JANSSEN
13.10.2021 12:12:11 CEST | Business Wire | Press release
The Janssen Pharmaceutical Companies of Johnson & Johnson today announced results from a new subgroup analysis of the pivotal Phase 3 OPTIMUM trial. Featured as an e-poster at the 37th Congress of the European Committee for Treatment Research in Multiple Sclerosis (ECTRIMS) from October 13-15, the subgroup analysis showed that in the expanded disability status scale (EDSS) ≤ 3 subgroup, ponesimod significantly reduced annualised relapse rate (ARR) by 47 percent (rate ratio [RR] = 0.53; 99 percent confidence levels [CLs]: 0.372, 0.755; p<0.0001) and MS-fatigue was statistically significantly lower in the ponesimod group compared with the teriflunomide group at week 108, with a mean difference (MD) of -4.31 (95 percent CLs: -6.99, -1.63; p=0.0017).1,2
“Multiple sclerosis is a debilitating and degenerative disease for which there is no cure, so our current focus is on preventing progression and minimising relapses,” said Allitia DiBernardo, M.D., lead author of the e-poster and Global Medical Affairs Head, Neurology, Janssen Global Services, LLC. “The OPTIMUM subgroup analysis supports the principle of early treatment intervention with high potency therapies such as ponesimod, which aims to reduce relapse rates, improve patient outcomes and ultimately contribute to a better quality of life for people living with MS.”

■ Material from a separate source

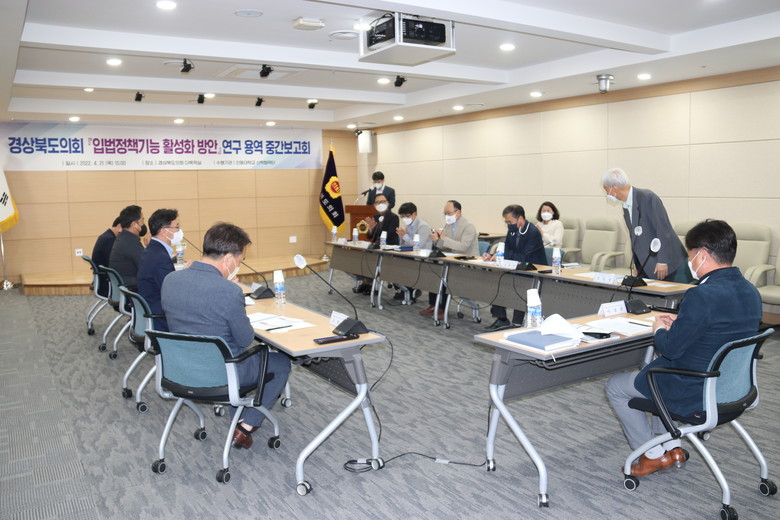 [경북=세계타임즈=한성국 기자] 경상북도의회(의장 고우현)는 21일 경북도의회 다목적실에서 ‘경상북도의회 입법정책기능 활성화 방안’ 연구용역 중간보고회를 개최했다.

The OPTIMUM study subgroup analysis randomised 1,133 patients (ponesimod, n = 567; teriflunomide, n = 566) and examined those with EDSS ≤ 3 (up to moderate disability in one function, or mild disability in 3 or 4 functions; no impairment to walking) and/or who were treatment naïve.1
The analysis showed that in treatment-naïve patients, ponesimod significantly reduced ARR (RR = 0.714; 99 percent CLs: 0.486, 1.049; p=0.0241) and MS-fatigue was significantly lower in the ponesimod group compared with the teriflunomide group at week 108, MD = -5.30 (95 percent CLs: -8.25, -2.35; p=0.0004).1,2
Results from this subgroup analysis for combined unique active lesions (CUALs) were consistent with the overall population. Patients significantly benefited from ponesimod compared with teriflunomide in both the EDSS ≤3 (RR = 0.424; 95 percent CLs: 0.329, 0.546; p<0.0001) and treatment-naïve (RR = 0.411; 95 percent CLs: 0.310, 0.545; p<0.0001) groups.1,2
“These data represent a significant contribution towards our goal of making a positive impact for people living with MS,” said Tamara Werner-Kiechle, M.D., Therapeutic Area Lead Neuroscience & Pulmonary Hypertension, Europe, Middle East and Africa (EMEA), Janssen Cilag GmBH. “The further research on ponesimod is testimony to our commitment to support people living with MS, with a particular focus on improving the treatment landscape in relapsing MS, where medical unmet needs among the MS community remain.”
#ENDS#
About Multiple Sclerosis
MS is a chronic autoimmune inflammatory disease of the central nervous system (CNS) in which immune cells attack myelin (the protective casing that insulates nerve cells), damaging or destroying it and causing inflammation.3
This affects how the CNS processes information and communicates with the rest of the body, causing the neurologic signs and symptoms of MS.4
Symptoms vary by person, but common symptoms include fatigue, balance and walking problems, numbness or tingling, dizziness and vertigo, vision problems, bladder and bowel problems and weakness.4,5,6
About PONVORYTM
▼
(ponesimod)
Ponesimod is a daily oral selective sphingosine-1-phosphate receptor 1 (S1P1) modulator, indicated for the treatment of adult patients with relapsing multiple sclerosis (RMS) with active disease defined by clinical or imaging features.7,8
Ponesimod is believed to work by keeping immune cells called lymphocytes out of the blood by trapping them in the lymph nodes
and out of the central nervous system, where they could cause damage.8
Ponesimod does not require genetic testing or first-dose cardiac monitoring for most patients. Because initiation of ponesimod treatment results in a decrease in heart rate, first-dose monitoring is recommended in patients with certain pre-existing cardiac conditions.8
It is not known if ponesimod is safe and effective in children.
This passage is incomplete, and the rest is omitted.